A systematic review 1 including 9 RCTs with a total of 58,600 subjects was abstracted in DARE. Effects were analysed in 8 subgroups, as defined by entry ECG, hours from onset of symptoms, age, sex, systolic blood pressure, heart rate, history of AMI and presence of diabetes.
The overall mortality was 9.6% for those receiving fibrinolytic therapy, and 11.5% for the controls, representing the avoidance of 18 deaths per 1000 patients allocated to treatment.

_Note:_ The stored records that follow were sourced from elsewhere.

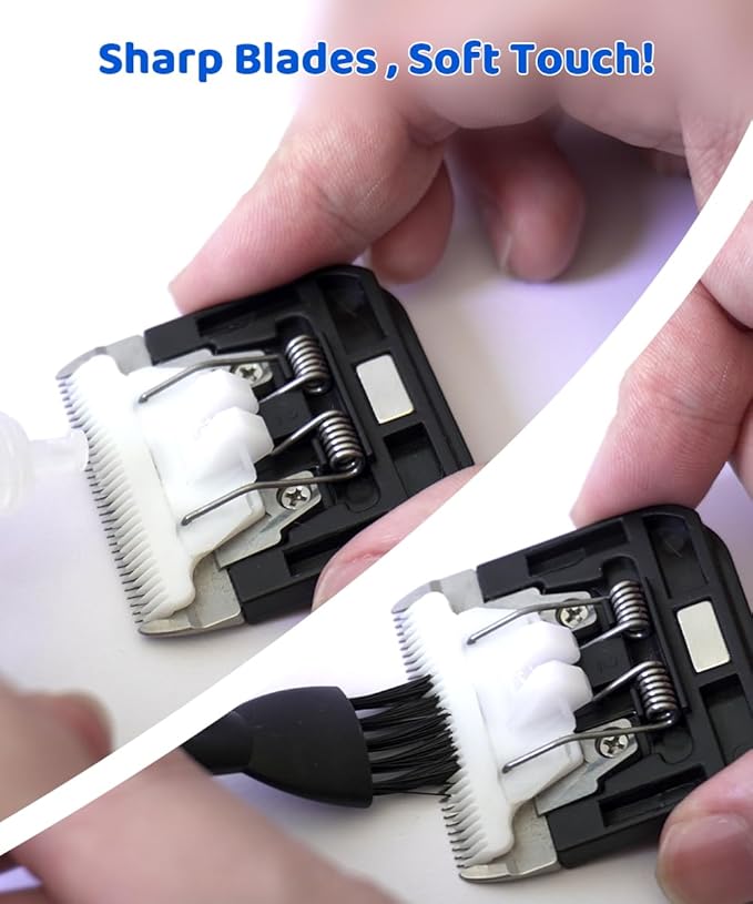 - 【Lubricating Oil Included – Hidden at the Bottom】A bottle of lubricating oil is included inside the white plastic box at the bottom of the package. Apply a few drops before and after each grooming session to maintain blade sharpness and ensure smooth performance. (Compatible with standard sewing machine oil for future use.)
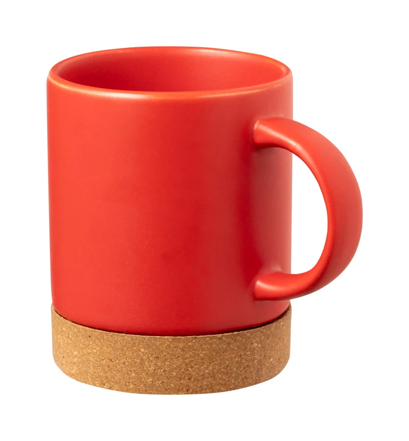 Kubek ceramiczny z podstawą z naturalnego korka, pojemność 350 ml. W pudełku z papieru kraft.
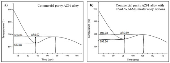 Typical cooling curves of (a) CP AZ91 alloy and (b) CP AZ91 alloy with 0.5 wt.% Al–Mn master alloy ribbons.
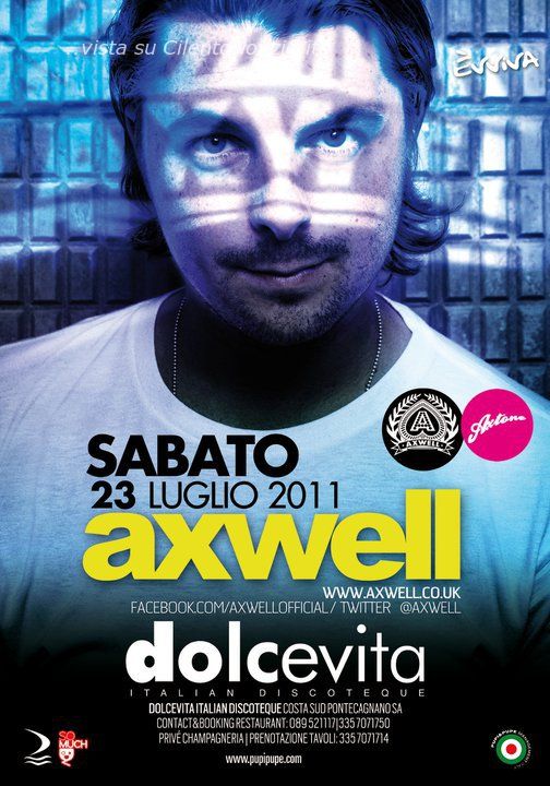 Il Dolcevita, ora, si prepara ad accogliere Axwell, il dj e produttore discografico di origine svedese. E’ un componente degli Swedish House Mafia assieme a Sebastian Ingrosso e Steve Angello. La sua botta di successo, che l’ ha fatto conoscere al grande pubblico internazionale è stata Feel the vibe, nel 2004, poi Together nel 2005, realizzata assieme al grande amico e collaboratore Sebastian Ingrosso, a seguire Watch the Sunrise, cantata da Steve Edwards (ha raggiunto la posizione n.3 nella Radio 1 Club Chart), e poi ancora il successo continua con Tell me why realizzata con Steve Angello.
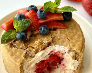 На вигляд - звичайний десерт, але варто його розрізати, і зсередини виливається ароматна ягідна начинка, яка підкорює з першого шматочка.
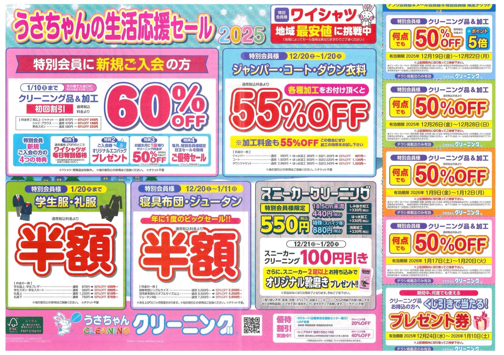 今回は、うさちゃんクリーニングさまが開催する「生活応援セール 2025」についてご紹介しました。新規ご入会の方なら初回60%OFF、会員様もダウンや布団が半額になるなど、冬のクリーニングをお得にするチャンスが満載です。キャンペーンごとに期間が異なりますので、チラシやお近くの店舗で詳細をご確認の上、このお得な機会をぜひご活用ください。
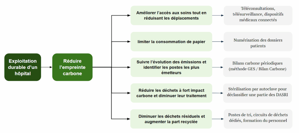 Lorsque la gestion des déchets est évoquée, il est important de considérer les différents types : les Déchets d’Activités Économiques (DAE) concernant tout ce qui n’est pas directement lié aux soins comme la gestion administrative, les services de restauration etc. , les Déchets d’Activités de Soins (DAS) avec les déchets médicaux, les DASRI, les équipements et matériaux, les Déchets Assimilés aux Ordures Ménagères (DAOM) pour les déchets de bureaux, emballages etc. La réduction de l’empreinte carbone peut passer par la gestion des Déchets d’Activités de Soins à Risques Infectieux (DASRI) et le renforcement du tri sélectif. La Figure 5 ci-après présente un récapitulatif des considérations liées à l’exploitation de la conception hospitalière.

The mortality reduction was 26% in patients presenting in < 3 hours, 18% in patients presenting in 4 - 6 hours, and 14% in patients presenting at 7 - 12 hours. Though older patients are a higher absolute risk of death from AMI, absolute mortality reductions see much the same among older and younger patients. The benefit of fibrinolytic therapy is highest among patients with bundle branch block or ST elevation. Patients with ST depression or other ECG abnormalities showed no conclusive evidence of benefit. Fibrinolytic therapy was associated with a small but significant excess of 3.9 (SD 0.8) strokes per 1000 patients. All of this excess appeared on days 0 - 1. Fibrinolytic therapy was associated with a 7.3 (SD 0.7) per 1000 excess of nonfatal major bleeds.